Selasa (17-6-2025): Kasihi dan Doakanlah Musuh Kita! (Matius 5: 43-48)

Dalam kotbah di Bukit, Yesus berkata, “Kamu  telah mendengar firman: Kasihilah sesamamu manusia  dan bencilah musuhmu.  Tetapi Aku berkata kepadamu: Kasihilah musuhmu dan berdoalah bagi mereka yang menganiaya kamu. Karena dengan demikianlah kamu menjadi anak-anak   Bapamu yang di sorga, yang menerbitkan matahari bagi orang yang jahat dan orang yang baik dan menurunkan hujan bagi orang yang benar dan orang yang tidak benar. 

Apabila kamu mengasihi orang yang mengasihi kamu, apakah upahmu?  Bukankah pemungut cukai juga berbuat demikian?  Dan apabila kamu hanya memberi salam kepada saudara-saudaramu saja, apakah lebihnya dari pada perbuatan orang lain? Bukankah orang yang tidak mengenal Allahpun berbuat demikian?  Karena itu haruslah kamu sempurna, sama seperti Bapamu yang di sorga adalah sempurna.” (Matius 5: 43-48).

Oleh: Romo John Tanggul, Paroki Wangkung, Keuskupan Ruteng.

“KASIHILAH  musuhmu dan berdoalah bagi mereka yang  menganiayai kamu!” (Matius  5:44). Sabda ini sangat bertentangan dengan  keinginan manusia pada  umumnya yaitu  “Kasihilah sesamamu manusia dan bencilah musuhmu!” (Matius 5:43).

Ajakan Yesus untuk mengasihi dan mendoakan musuh merupakan ajakan yang baik, karena dengan begitu hidup kita (yang memiliki musuh) akan menjadi nyaman, damai dan tenang. Tidak ada perasaan dendam,  tidak ada  ketakutan akan pembalasan. Hidup ini semakin dirasakan ringan (tak ada beban)  ketika hati kita dipenuhi cinta dan damai.

Mengasihi dan mendoakan sesama termasuk “musuh” adalah suatu bentuk kepasrahan dan penyerahan diri, suatu sikap iman, di mana segala perkara, persoalan hidup, termasuk musuh yang dihadapi itu, akan diselesaikan, “diurus” oleh Tuhan Allah (dalam kerjasama dengan kita).

Doa (mendoakan)  adalah harapan yang  mampu mengubah hati seseorang (musuh) karena kita  mengandalkan Tuhan Allah,  agar Tuhan Allah sendirilah yang akan  menyapa hati  (musuh).  Mengasihi musuh dan mendoakan mereka merupakan tanda kedewasaan orang beriman (kita) dalam menyikapi masalah,  persoalan hidup (termasuk musuh kita).

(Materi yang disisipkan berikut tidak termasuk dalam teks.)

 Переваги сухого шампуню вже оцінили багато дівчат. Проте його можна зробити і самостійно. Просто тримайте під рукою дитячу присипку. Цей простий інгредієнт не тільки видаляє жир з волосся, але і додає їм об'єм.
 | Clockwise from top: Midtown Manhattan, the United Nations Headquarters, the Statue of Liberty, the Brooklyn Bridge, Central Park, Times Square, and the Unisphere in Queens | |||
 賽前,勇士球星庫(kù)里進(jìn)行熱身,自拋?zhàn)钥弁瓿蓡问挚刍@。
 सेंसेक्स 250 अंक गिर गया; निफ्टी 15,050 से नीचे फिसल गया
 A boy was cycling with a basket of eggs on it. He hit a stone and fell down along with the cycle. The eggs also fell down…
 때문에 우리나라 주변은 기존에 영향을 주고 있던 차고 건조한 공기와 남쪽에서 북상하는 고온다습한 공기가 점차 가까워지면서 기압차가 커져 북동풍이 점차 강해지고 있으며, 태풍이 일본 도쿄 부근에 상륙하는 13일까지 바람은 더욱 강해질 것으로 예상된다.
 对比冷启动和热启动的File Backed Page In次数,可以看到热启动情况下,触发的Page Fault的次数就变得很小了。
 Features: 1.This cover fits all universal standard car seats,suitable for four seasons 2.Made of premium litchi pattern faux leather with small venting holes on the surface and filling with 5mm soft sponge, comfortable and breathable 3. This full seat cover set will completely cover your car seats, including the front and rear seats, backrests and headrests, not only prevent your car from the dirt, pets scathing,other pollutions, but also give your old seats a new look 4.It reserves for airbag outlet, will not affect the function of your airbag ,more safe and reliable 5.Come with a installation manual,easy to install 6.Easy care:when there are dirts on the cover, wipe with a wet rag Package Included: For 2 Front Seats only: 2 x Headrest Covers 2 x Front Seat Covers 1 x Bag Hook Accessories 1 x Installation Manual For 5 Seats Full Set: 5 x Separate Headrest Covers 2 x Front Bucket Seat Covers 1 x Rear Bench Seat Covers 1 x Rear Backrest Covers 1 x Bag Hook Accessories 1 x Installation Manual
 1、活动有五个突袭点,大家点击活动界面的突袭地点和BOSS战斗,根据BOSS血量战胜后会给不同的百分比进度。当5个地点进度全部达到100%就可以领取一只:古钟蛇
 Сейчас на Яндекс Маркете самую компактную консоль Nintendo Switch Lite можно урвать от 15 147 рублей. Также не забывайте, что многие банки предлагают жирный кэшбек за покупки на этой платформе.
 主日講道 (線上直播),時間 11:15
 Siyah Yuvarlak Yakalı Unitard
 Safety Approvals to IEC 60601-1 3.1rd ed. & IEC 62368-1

Memang mengasihi dan mendoakan musuh tidak lantas menyelesaikan soal,  masalah,  tetapi paling kurang dengan begitu kebaikan yang dimulai dari diri sendiri akan memunculkan keadaan hati yang baik, cara hidup yang baik, pemikiran yang baik, suasana  hati yang tenang, yang membuat seseorang (kita) menjadi bijaksana dalam menyelesaikan segala perkara.

Jika tidak mengasihi dan tidak mendoakan musuh, kita  akan selamanya merasa  “terganggu”;  bisa menganggap musuh sebagai orang yang tidak boleh ada di hadapan kita. Hidup menjadi tidak nyaman.  Maka kasihilah sesama kita dan doakanlahh musuh-musuh kita, maka hidup kita menjadi aman,  tenteram,  penuh damai dan sukacita.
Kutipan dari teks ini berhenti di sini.